Is that wild, or is that wild? They could re-run that cover today, and the two separate stories of a year ago could be fused into one. For Liza Minnelli's private lives have expanded to include Alice Cooper.
It matters not — and none but the two of them seems to know for sure &mdah; when they first met and got those sympathetic vibes. But the first tipoff — the first public tipoff — came when Liza backed Alice on the "Teenage Lament '74" track of his new Warner Bros. album on American sexuality, Muscle of Love.
When Liza showed up at a small recording studio known as The Record Plant on West 44th Street in New York City, it was hard to figure out what a nice superstar like Liza was doing in an out-of-the way place like that. If you listen to "Teenage Lament '74," it's even more baffling. Because unless you were furnished with a road map, there's no way you could tell that the fabulous "Liza with a Z is on the record, throwing in a couple of unrecognizable if spirited syllables in the background.
All that was obvious that day was that she dug the king of rock and rouge, as Alice sometimes is known. What was even more obvious was the chemistry that bubbled between the bubbly Liza and the real Alice Cooper — a genial, easygoing, witty, soft talking and likeable guy with a nice smile and a ready twinkle in his eyes. The eyes, though, are garishly highlighted by makeup when he's on the freak rock circuit. He strides onto the stage with his arsenal of cobras and mannequins and bleeding baby dolls, dressed in shredded leotards and elbow-long black leather gloves, brandishing a long black whip.
"Alice on stage doesn't think," Alice himself once admitted. "Alice is an animal." He has never denied the sexual overtones of his violent rock rituals.

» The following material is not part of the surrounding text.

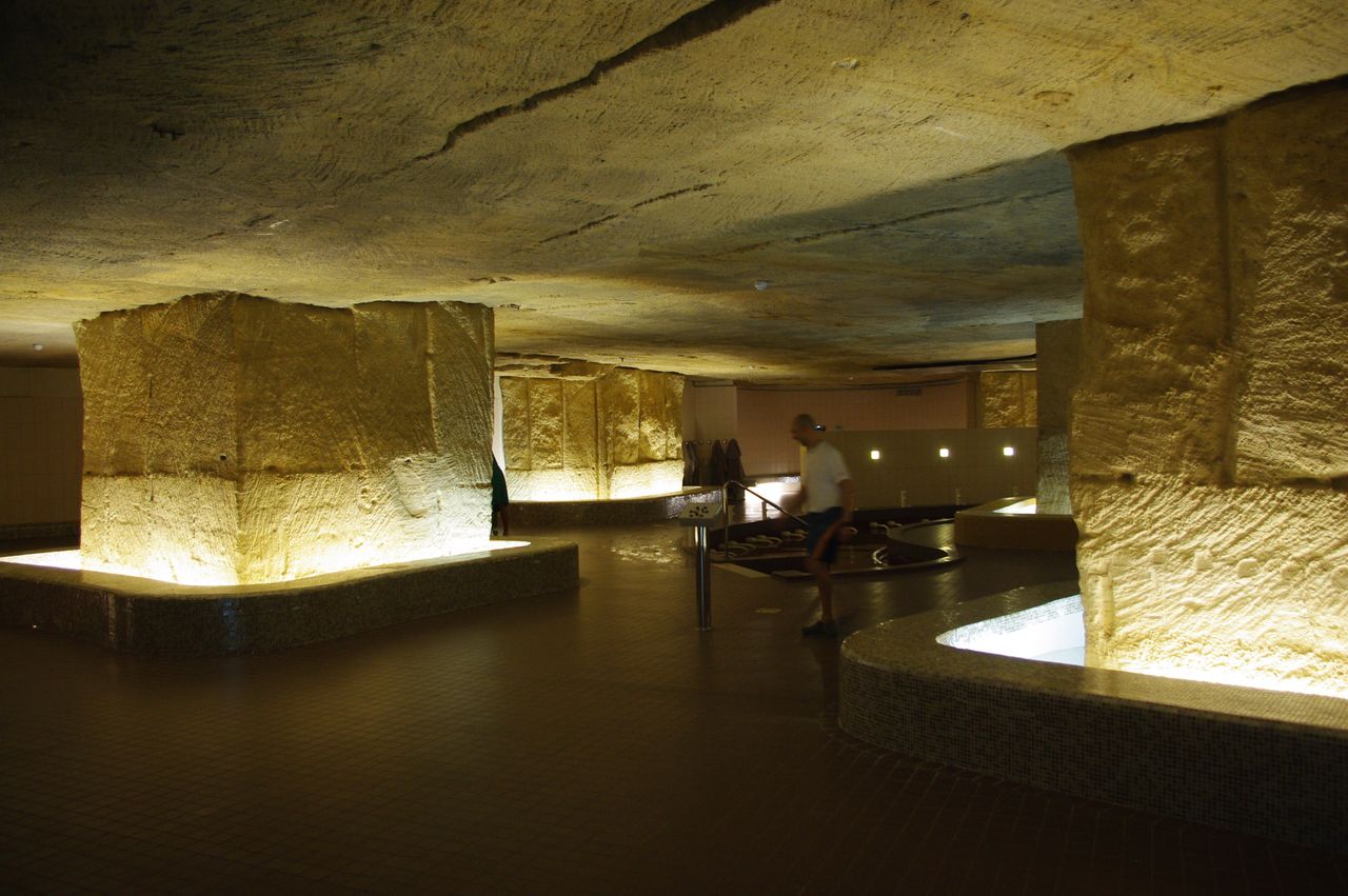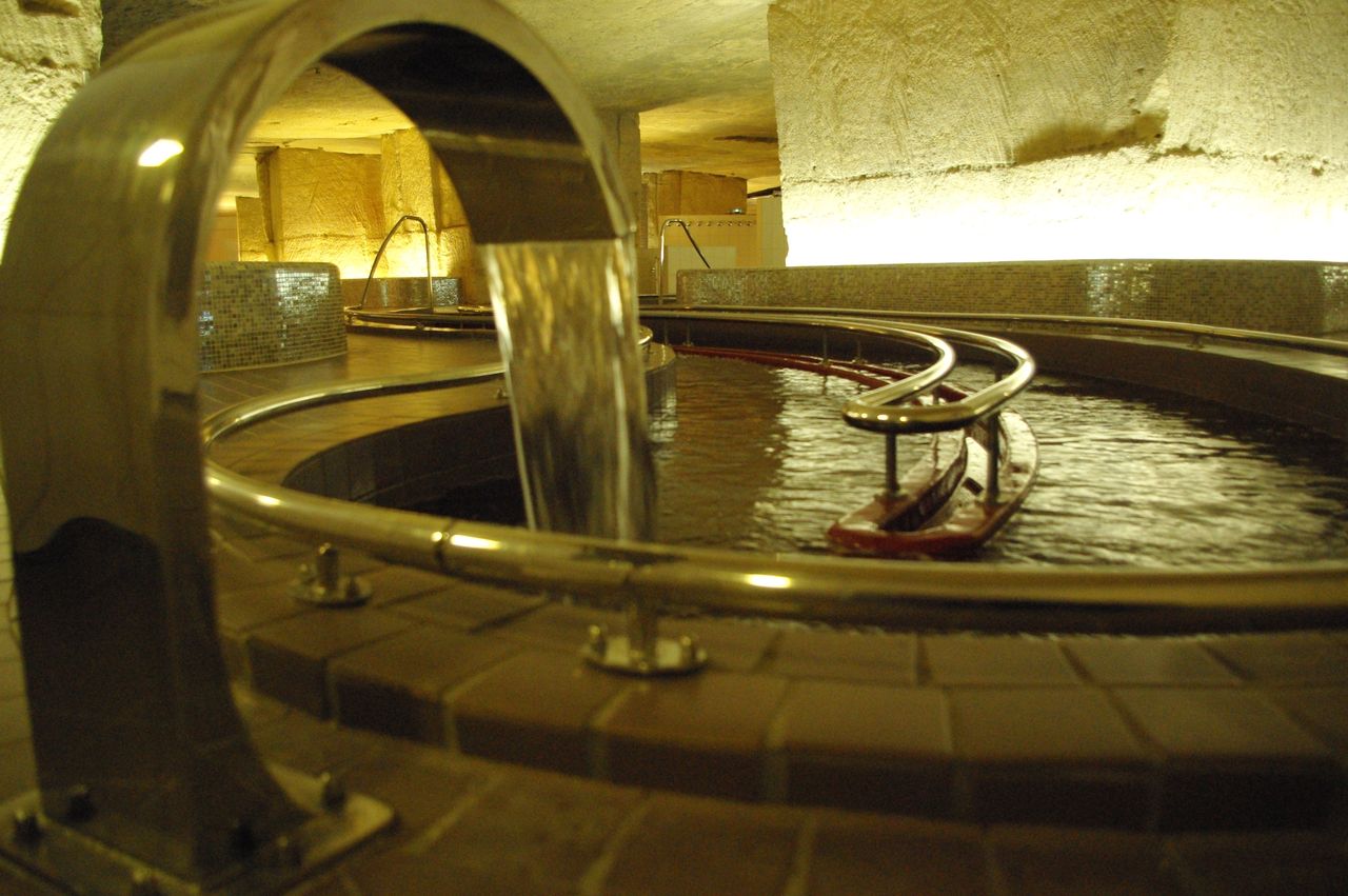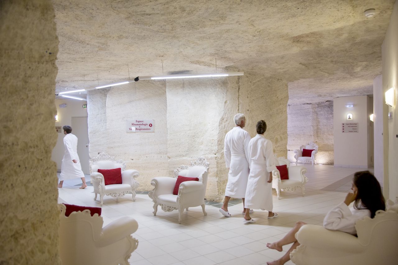Les thermes ont été aménagés dans les anciennes carrières de calcaire d’Heurtebise. Ainsi sont nés des thermes troglodytiques à l’atmosphère feutrée et loin du tumulte du quotidien. Les éclairages mettent en valeur les immenses colonnes de calcaire, le système de traitement garantit une excellente qualité de l’air. Les soins thermaux sont dispensés dans des locaux et cabines modernes avec tout le savoir-faire de la Chaîne Thermale du Soleil.

It is curious — and fascinating — that Liza Minnelli's path should converge with Alice's at a time when Alice gives signs of tiring of his grotesque masquerade and yearning to show himself as the straight person his friends have always known him to be. One of those friends is a girl named Cindy, who has been his steady for six years. What she feels about Liza and Alice — if, indeed, she feels threatened at all — only she knows.
Once, a year or so ago, Alice said of Cindy that "she hates our music and she hates our image," and that "I really like the fact that she hates us." It now is apparent that Alice himself isn't all that crazy about his image. It is just as apparent that Liza isn't as critical as Cindy, that she takes Alice's music for what it is and thinks it's pretty cool, and that she is not put off by his image. But Alice still seems intent upon acquiring a new, straight look to match up with his own concept of the real Alice Cooper. He is, after all, the son of an ordained minister — and the ways of the son are not that far removed from the ways of the father.
"Offstage," confesses Alice with a boyish grin, "I'm Ozzie Nelson. I'm gentle. I walk around eating cookies and drinking beer. I work in opposites. Off stage, I'm pretty non-violent. I'm stable."
Any one who knows Alice — Liza, for instance — will vouch for that. You couldn't ask to meet a nicer guy. When he swept into Las Vegas to see Liza, he was also in the midst of his new golf kick. He digs golf almost as much as beer, and he's not thrown off because golf is an Establishment sport. His image and his habits are getting more Establishment by the minute — but that's no sign that Alice has sold out and is turning completely bland.
Alice arrived in Las Vegas with a miniature scotch plaid golf bag containing a long cylinder tube built to accommodate six cans of cold beer. While Liza slept and rested, he played golf every afternoon at the Dunes. Oddballs are not too popular at a golf course. If you don't come to play, you might as well have leprosy. Alice had no problems. Everyone dug his affability and his sincerity about golf. Also, his facility.
The singular thing about Alice is the esteem in which he is held. None of his old friends needs to be told he's a nice guy, easy to get along with — and straight as a ramrod. But people who meet him for the first time, and know him only by his mystique, are struck by those qualities. He doesn't come on strong. He doesn't have to. And it is that about Alice Cooper that clues you in to what draws Liza to him.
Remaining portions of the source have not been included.